▶ **ACTION ITEM**
For each record that follows, restate the text exactly and drop the pictures.

:: EXCERPTED RECORDS

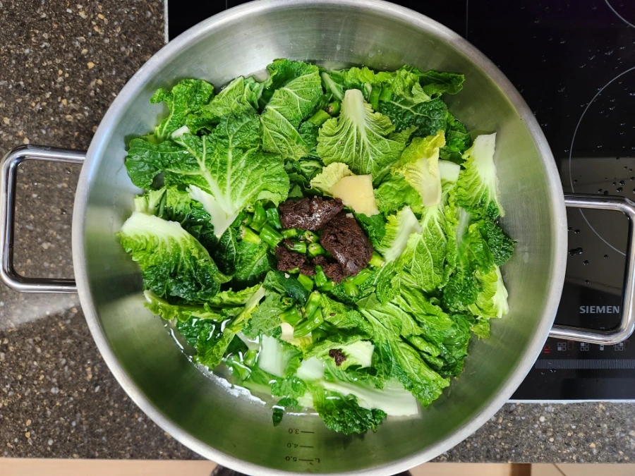 봄동 2 포기, 꽈리고추 5개, 홍고추 1개. 대파 1단, 집된장 3Ts, 다진마늘 1Ts, 육수 1.5L ( 다시마 10g, 디포리 5개 혹은 멸치 적당량, 물 1.5L )
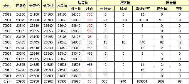 主力CY901合約當(dāng)日交易走勢(shì)
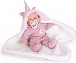 La bambola parlante spagnola del marchio Antonio Juan entusiasma con suoni realistici – premendo il pancino dice “mamma”, “papà” ed emette la risata del bebè. Ha un corpo morbido in tessuto, testa e arti in vinile ammorbidito, misura 27 cm, è confezionata in una scatola regalo ed è adatta ai bambini da 3 anni. Nella confezione sono incluse 3× LR44.
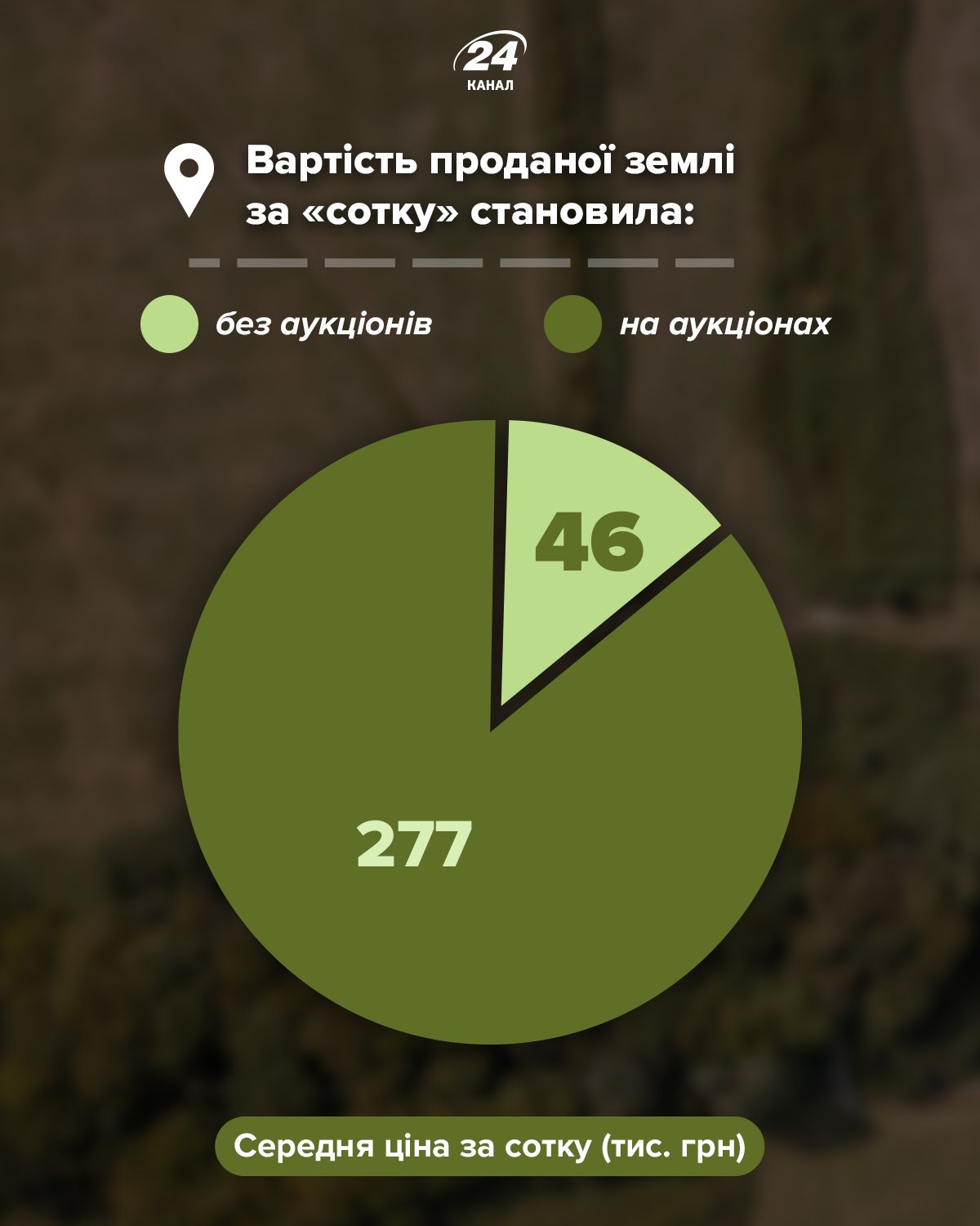 Земельные участки государственной или коммунальной собственности продаются или передаются в пользование отдельными лотами на конкурентных началах (по результатам аукционов – 24 Канал).
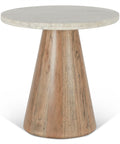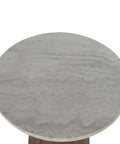 The Vista 22" Side Table brings understated elegance to any room with its striking white travertine surface and light mango wood base. This compact accent piece balances modern simplicity with natural beauty, making it equally at home beside a sofa or next to your bed. Travertine's organic character shines through in its unique color variations and textured finish—no two tables are exactly alike. That individuality is part of its charm, giving your space a genuinely one-of-a-kind focal point that feels both timeless and effortlessly stylish.
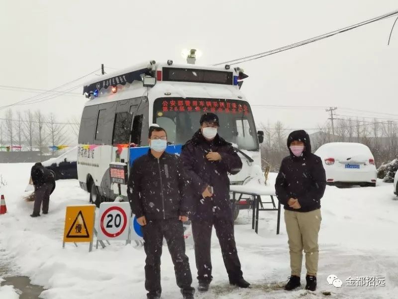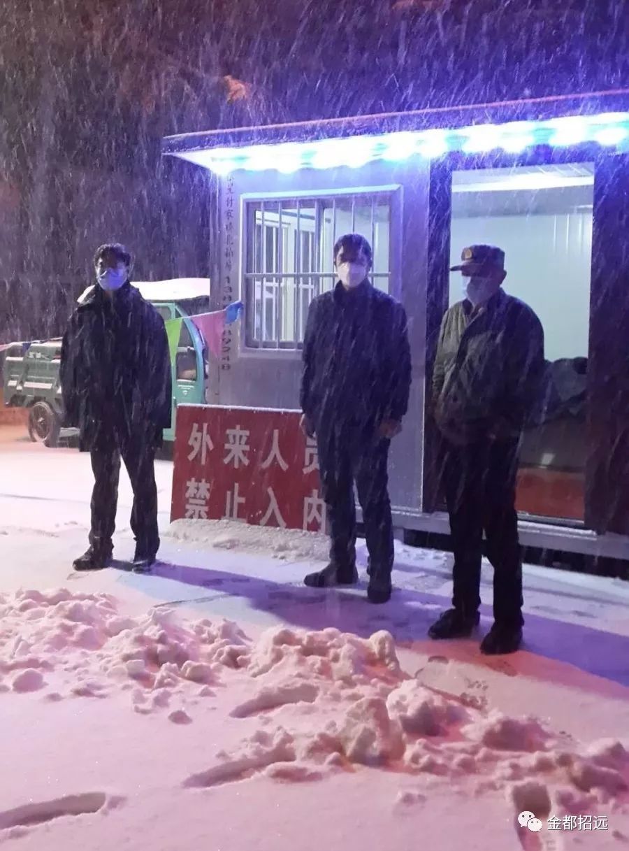 東大夼卡口值守人員頂風(fēng)冒雪堅(jiān)守招遠(yuǎn)東北大門
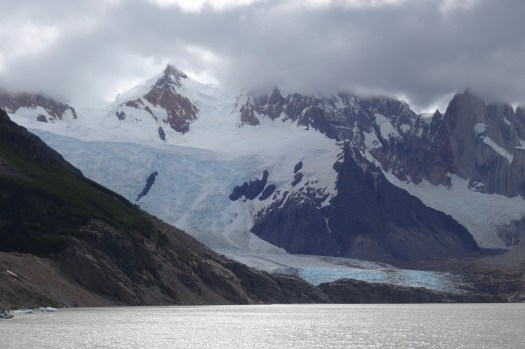 It was mid-afternoon when we arrived at another junction. Dad decided to head back to town and let me explore Lago Torre alone. It was another 4km of walking through more beech forest and along the bank of a churning, turbid river that drained from the lake. I eventually came to the terminal moraine that marked the edge of the lake. The weather had changed over the course of the afternoon and a cold wind tumbled down from the glacier on the opposite shore. Short, sharp waves lapped the rocks at my feet, trying their best to break large chunks of ice that rolled around in the shallows. Unfortunately, cloud had now filled the valley and the mountains above the distant glacier were now obscured. One of these peaks, Cerro Torre, holds a special place in climbing history, and I was eager to spend time in its presence. Jon Krakauer, author of ‘Into the Wild’, wrote about Cerro Torre in his book, ‘Into Thin Air’. Describing notable climbing accomplishments in his life, Krakauer explained how he has once “scaled a frightening, mile-high spike of vertical and overhanging granite called Cerro Torre; buffeted by hundred-knot winds, plastered with frangible atmospheric rime, it was once (though no longer) thought to be the world’s hardest mountain“. A friend from Tasmania had also summited a few years earlier and I was eager to pay a quiet homage to his achievement. I sat for a while, breathing in the glacial air and trying to picture the granite finger of Cerro Torre pointing to the moon on a cloudless night.
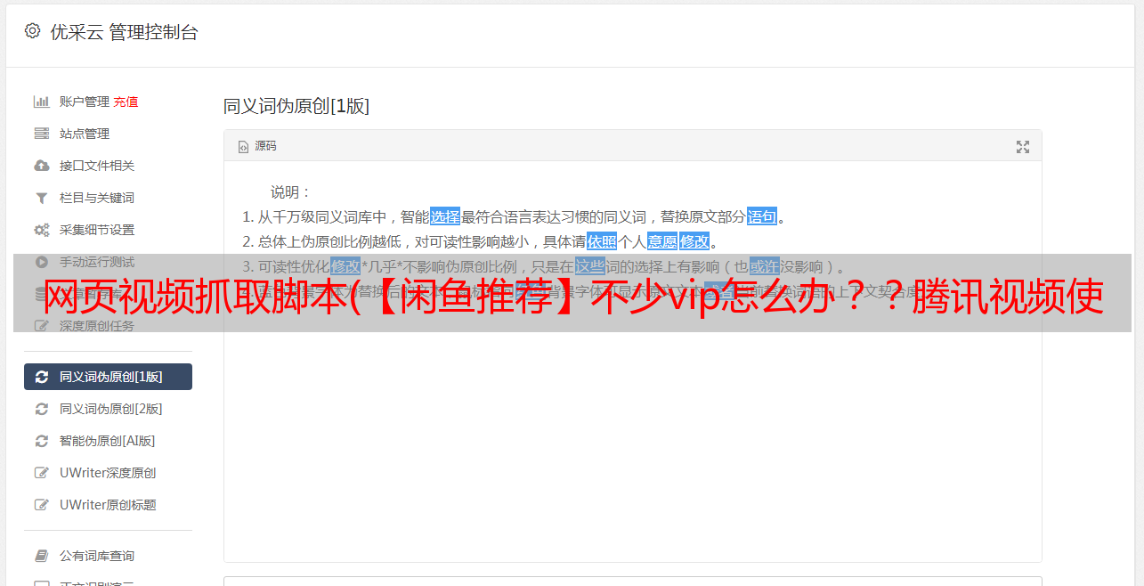 优采云 发布时间: 2021-10-27 19:12网页视频抓取脚本(【闲鱼推荐】不少vip怎么办??腾讯视频使用无压力)
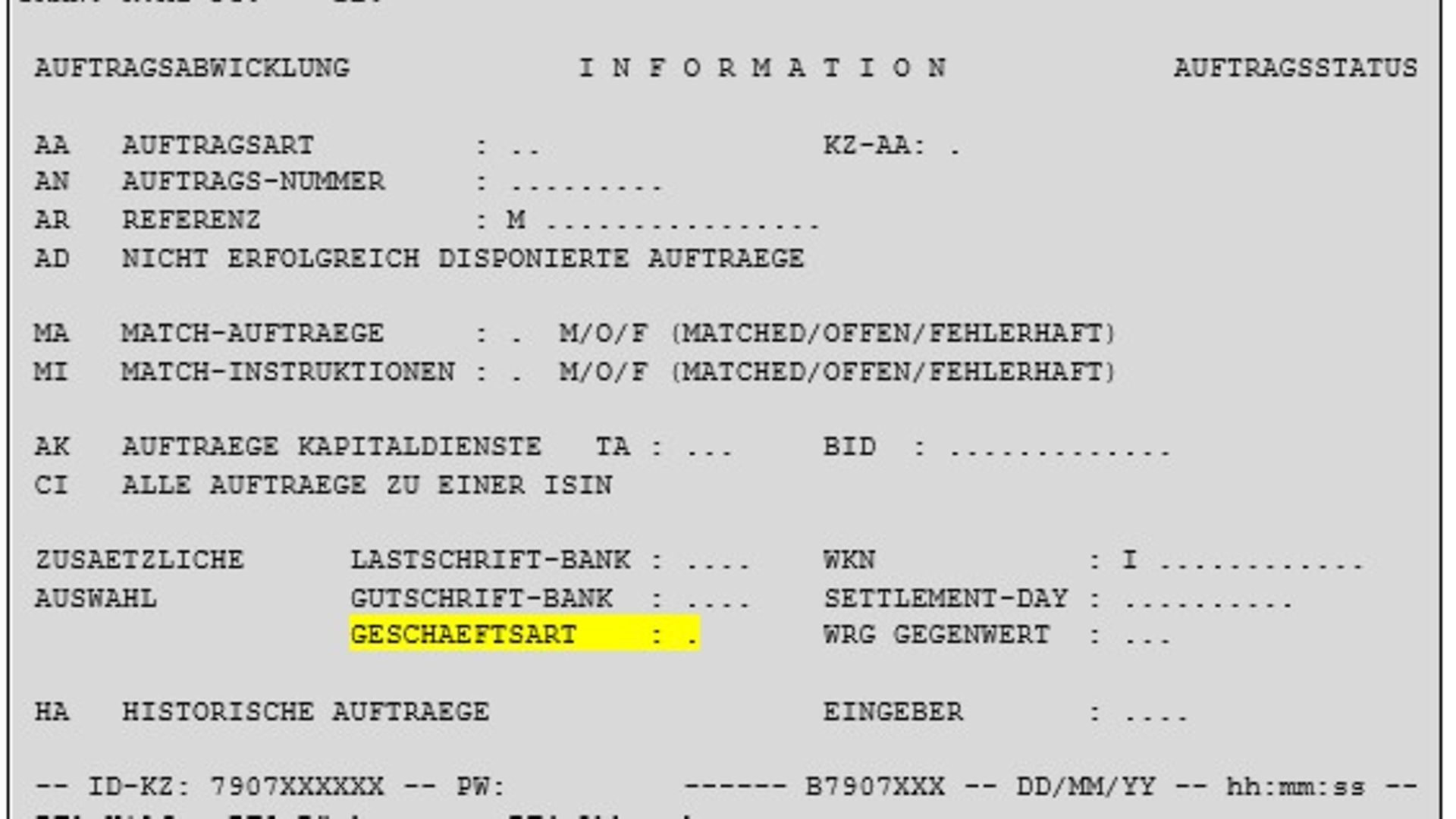 - BLANK = All instruction types being defined by “Auftragsart” and “KZ-AA”;
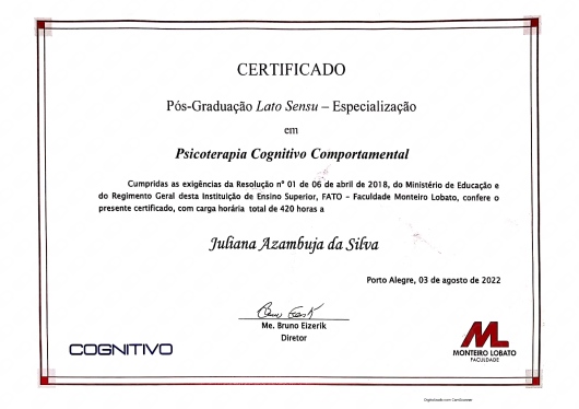 - Cognitivo- 2021; Especialização em Terapia Cognitivo Comportamental.
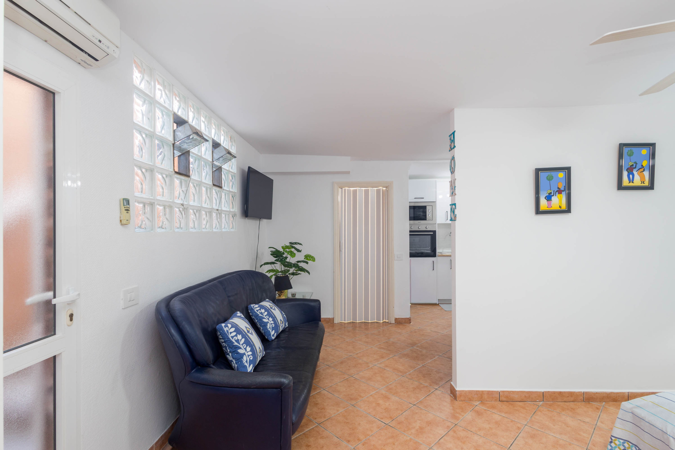 The accommodation features 40 m² of interior space distributed across an independent bedroom, a living room with a fully equipped integrated kitchen, and a complete bathroom. The entire apartment is equipped with air conditioning, ensuring a pleasant temperature throughout the year.
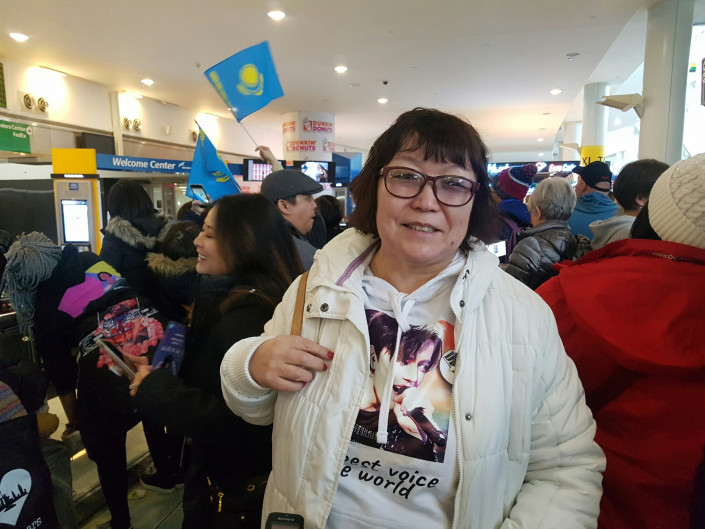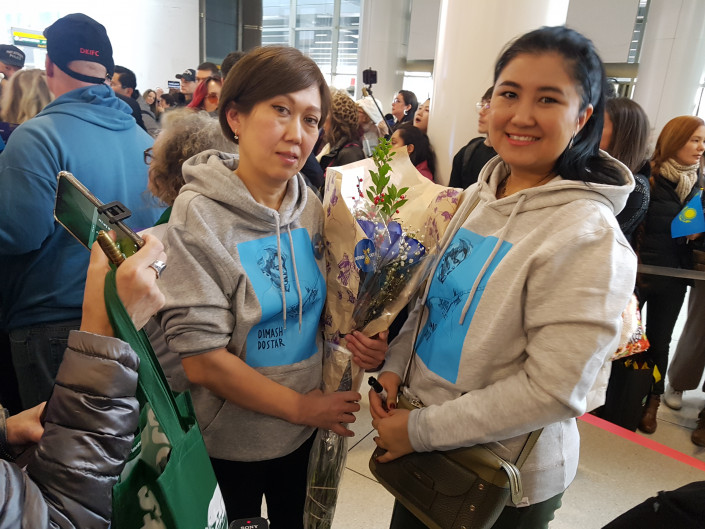 Вслед за Димашем из Санкт-Петербурга в Нью-Йорк прилетела его фанатка Екатерина. Решив порадовать артиста, она надела камзол с казахскими орнаментами и показала тетрадь, куда записывает его песни.
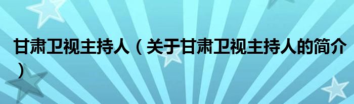 本文關(guān)于甘肅衛(wèi)視主持人的簡介就講解完畢,希望對大家有所幫助。
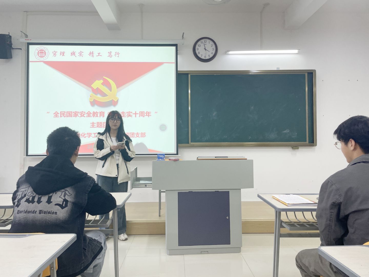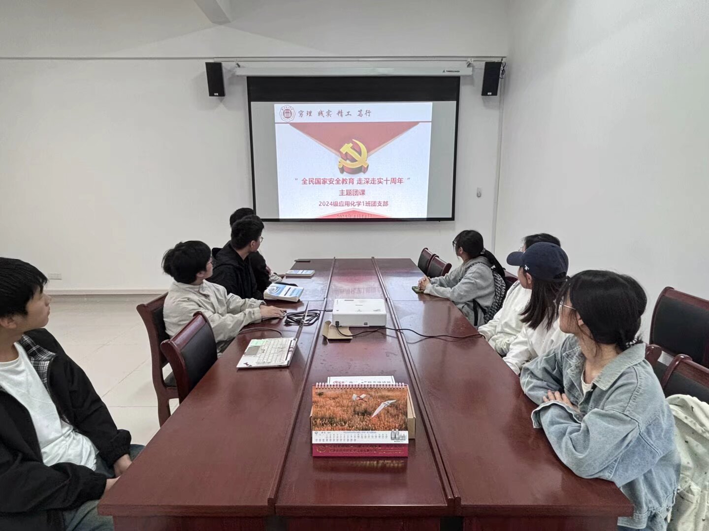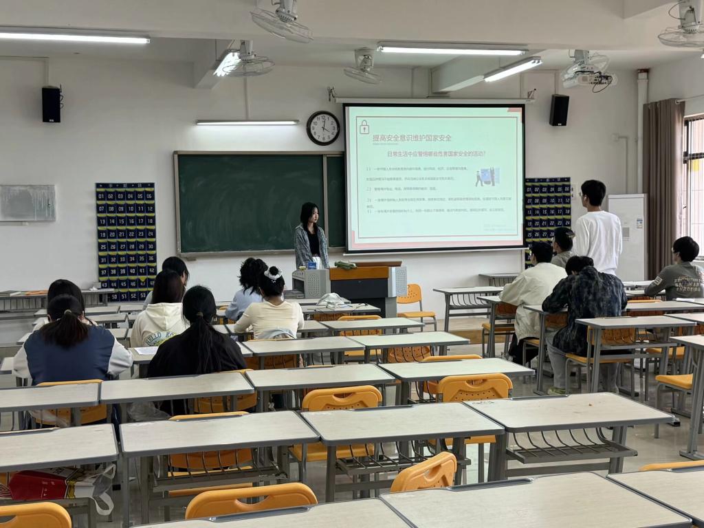 “全民国家安全教育,走深走实十周年”团课作为此次系列活动的开篇,各团支部书记担任主讲人,深入解读国家安全的内涵与外延。从传统的政治安全、国土安全,到非传统的网络安全、生态安全、能源安全等领域,结合当下国内外形势,通过生动案例和数据,让同学们深刻认识到国家安全与每个人息息相关。在互动环节,同学们踊跃提问,就如何在日常生活中维护国家安全展开热烈讨论,进一步加深了对国家安全重要性的理解,为后续活动的开展筑牢了坚实的思想根基。
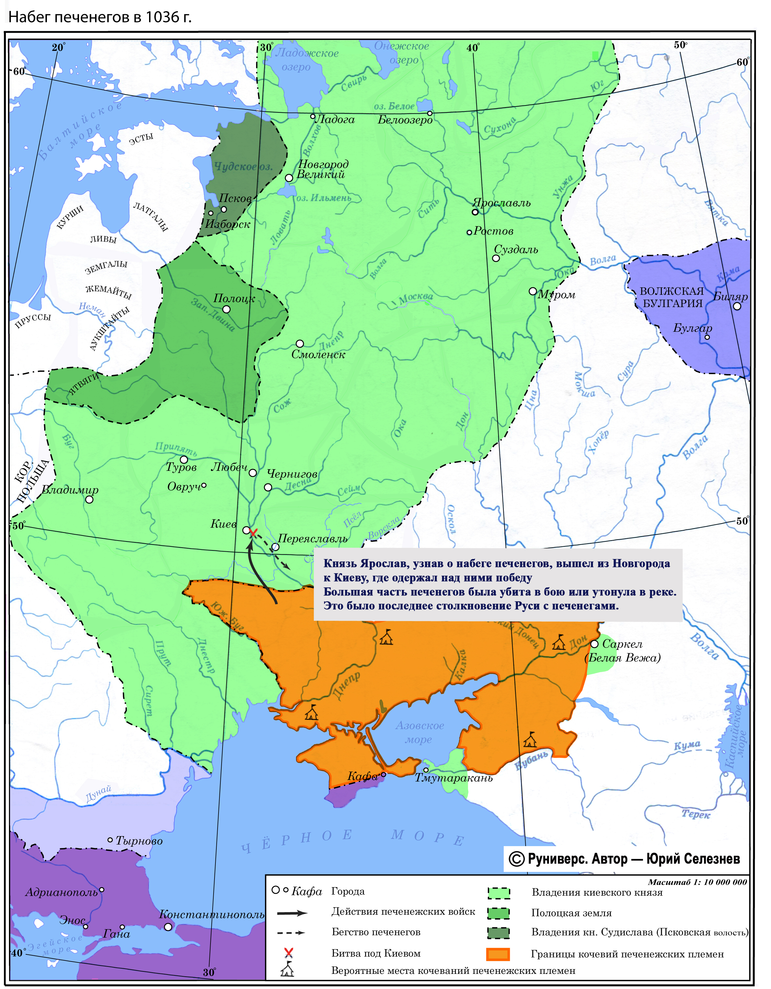 Князь Ярослав, узнав о набеге печенегов, вышел из Новгорода к Киеву, где одержал над ними победу.

::::

▶ **FINISHED EXERCISE**
 봄동 2 포기, 꽈리고추 5개, 홍고추 1개. 대파 1단, 집된장 3Ts, 다진마늘 1Ts, 육수 1.5L ( 다시마 10g, 디포리 5개 혹은 멸치 적당량, 물 1.5L )
 主力CY901合約當(dāng)日交易走勢(shì)
 La bambola parlante spagnola del marchio Antonio Juan entusiasma con suoni realistici – premendo il pancino dice “mamma”, “papà” ed emette la risata del bebè. Ha un corpo morbido in tessuto, testa e arti in vinile ammorbidito, misura 27 cm, è confezionata in una scatola regalo ed è adatta ai bambini da 3 anni. Nella confezione sono incluse 3× LR44.
 Земельные участки государственной или коммунальной собственности продаются или передаются в пользование отдельными лотами на конкурентных началах (по результатам аукционов – 24 Канал).
 The Vista 22" Side Table brings understated elegance to any room with its striking white travertine surface and light mango wood base. This compact accent piece balances modern simplicity with natural beauty, making it equally at home beside a sofa or next to your bed. Travertine's organic character shines through in its unique color variations and textured finish—no two tables are exactly alike. That individuality is part of its charm, giving your space a genuinely one-of-a-kind focal point that feels both timeless and effortlessly stylish.
 東大夼卡口值守人員頂風(fēng)冒雪堅(jiān)守招遠(yuǎn)東北大門
 It was mid-afternoon when we arrived at another junction. Dad decided to head back to town and let me explore Lago Torre alone. It was another 4km of walking through more beech forest and along the bank of a churning, turbid river that drained from the lake. I eventually came to the terminal moraine that marked the edge of the lake. The weather had changed over the course of the afternoon and a cold wind tumbled down from the glacier on the opposite shore. Short, sharp waves lapped the rocks at my feet, trying their best to break large chunks of ice that rolled around in the shallows. Unfortunately, cloud had now filled the valley and the mountains above the distant glacier were now obscured. One of these peaks, Cerro Torre, holds a special place in climbing history, and I was eager to spend time in its presence. Jon Krakauer, author of ‘Into the Wild’, wrote about Cerro Torre in his book, ‘Into Thin Air’. Describing notable climbing accomplishments in his life, Krakauer explained how he has once “scaled a frightening, mile-high spike of vertical and overhanging granite called Cerro Torre; buffeted by hundred-knot winds, plastered with frangible atmospheric rime, it was once (though no longer) thought to be the world’s hardest mountain“. A friend from Tasmania had also summited a few years earlier and I was eager to pay a quiet homage to his achievement. I sat for a while, breathing in the glacial air and trying to picture the granite finger of Cerro Torre pointing to the moon on a cloudless night.
 优采云 发布时间: 2021-10-27 19:12网页视频抓取脚本(【闲鱼推荐】不少vip怎么办??腾讯视频使用无压力)
 - BLANK = All instruction types being defined by “Auftragsart” and “KZ-AA”;
 - Cognitivo- 2021; Especialização em Terapia Cognitivo Comportamental.
 The accommodation features 40 m² of interior space distributed across an independent bedroom, a living room with a fully equipped integrated kitchen, and a complete bathroom. The entire apartment is equipped with air conditioning, ensuring a pleasant temperature throughout the year.
 Вслед за Димашем из Санкт-Петербурга в Нью-Йорк прилетела его фанатка Екатерина. Решив порадовать артиста, она надела камзол с казахскими орнаментами и показала тетрадь, куда записывает его песни.
 本文關(guān)于甘肅衛(wèi)視主持人的簡介就講解完畢,希望對大家有所幫助。
 “全民国家安全教育,走深走实十周年”团课作为此次系列活动的开篇,各团支部书记担任主讲人,深入解读国家安全的内涵与外延。从传统的政治安全、国土安全,到非传统的网络安全、生态安全、能源安全等领域,结合当下国内外形势,通过生动案例和数据,让同学们深刻认识到国家安全与每个人息息相关。在互动环节,同学们踊跃提问,就如何在日常生活中维护国家安全展开热烈讨论,进一步加深了对国家安全重要性的理解,为后续活动的开展筑牢了坚实的思想根基。
 Князь Ярослав, узнав о набеге печенегов, вышел из Новгорода к Киеву, где одержал над ними победу.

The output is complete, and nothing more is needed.